You may suffer some frustration trying to interpret what the Davis Stirling Act says. To avoid that frustration, click here to order The Davis Stirling Act in Plain English. You can see a sample page below from this publication.

 

Sample Page from THE DAVIS STIRLING ACT IN PLAIN ENGLISH

  1351.   DEFINITIONS.  This section contains definitions for the types of developments subject to this body of law and many of the terms used throughout the statutes.

  (a)   "Association" means a nonprofit corporation or unincorporated association created for the purpose of managing a common interest development.

  Comment: Currently, most owner associations in California (commonly called "community associations") are incorporated at inception. Many unincorporated associations have incorporated to get important legal protection for the owners and status for the association.

  (b)   "Common Area" includes all of the property (including buildings) in the development that is not included in the "separate interests" (defined below). Ownership in the common area may be by fee simple (basically meaning holding all rights of ownership), by life estate (generally meaning someone has been granted a right of occupancy of the property so long as they live) or an estate in years (like a life estate, but for a specified number of years). "Common area" in a planned development may consist of property and/or mutual or reciprocal easement rights (see 1351(f), (k).

  Comment: "Common area" in condominium developments generally includes the recreational area, facilities and amenities, open space areas, and all land and buildings. In condos, usually, the owners of "separate interests" own the airspace in their Unit, to the walls and floors, and a pro rata share of the common area in equal shares with the other owners as tenants-in-common.

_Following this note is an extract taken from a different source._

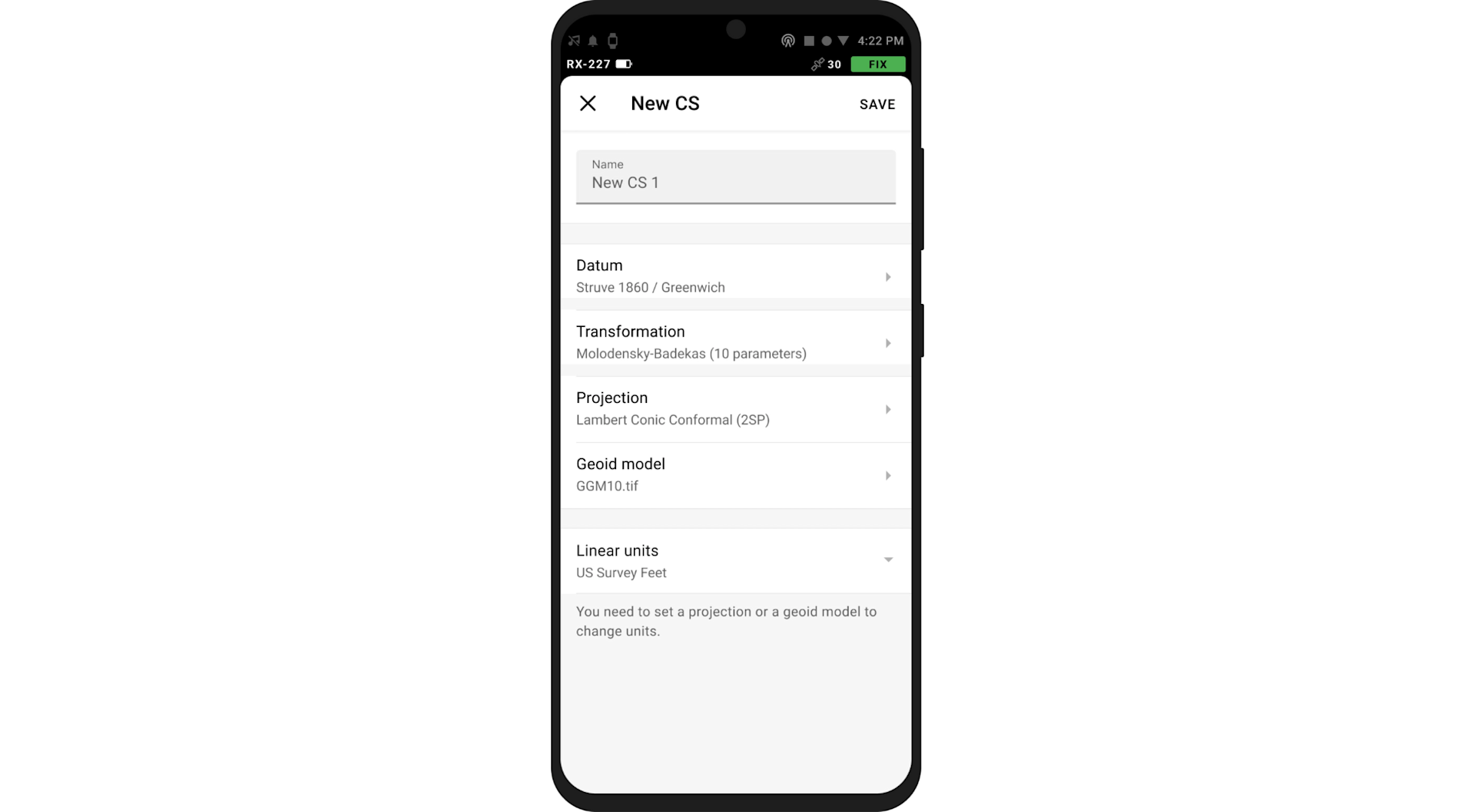 Emlid Flow has a wizard for manual coordinate system creation for areas without a predefined coordinate system. To start your survey, you just need to specify the datum, enter transformation parameters or projection, and choose your geoid.

  "Common area" in planned developments (aka PDs or PUDs) usually includes the recreational areas and facilities and the land they sit on, greenbelts and green areas, sidewalks, and/or private streets. The association usually owns the common area. Sometimes there is no obvious Common Area. "Common area" may also include the rights of the association to assess owners and record liens to collect the assessments, such as for enforcement of the CC&Rs or architectural control. The reason for the qualifying words "usually" and "generally" is that there are hybrid condo and PD developments that have various combinations of ownership interests and there are also developments with misleading governing documents (meaning the development may consist of detached homes but be mapped as a condominium).

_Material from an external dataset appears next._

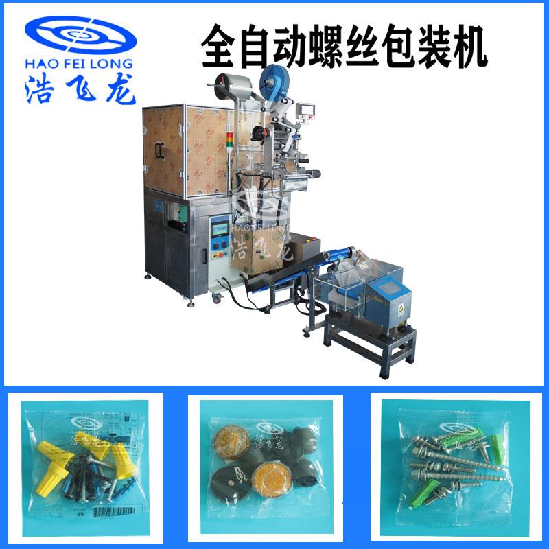 全自动振动盘包装机锁扣铁片合页自动包装机链斗五金螺丝包装机

  (c) "Common Interest Development" includes all of the following types of developments:

            (1)        A community apartment project.
            (2)        A condominium project.
            (3)        A planned development.
            (4)        A stock cooperative.

  (d) "'Community Apartment Project' means a development in which an undivided interest in land is coupled with the right of exclusive occupancy of any apartment located thereon.

  Comment:  "Undivided interest in land" is like tenancy-in-common ownership, but here the owner gets the right of occupancy rather than fee simple ownership of the Unit, plus the pro rata interest in the land rather than the buildings.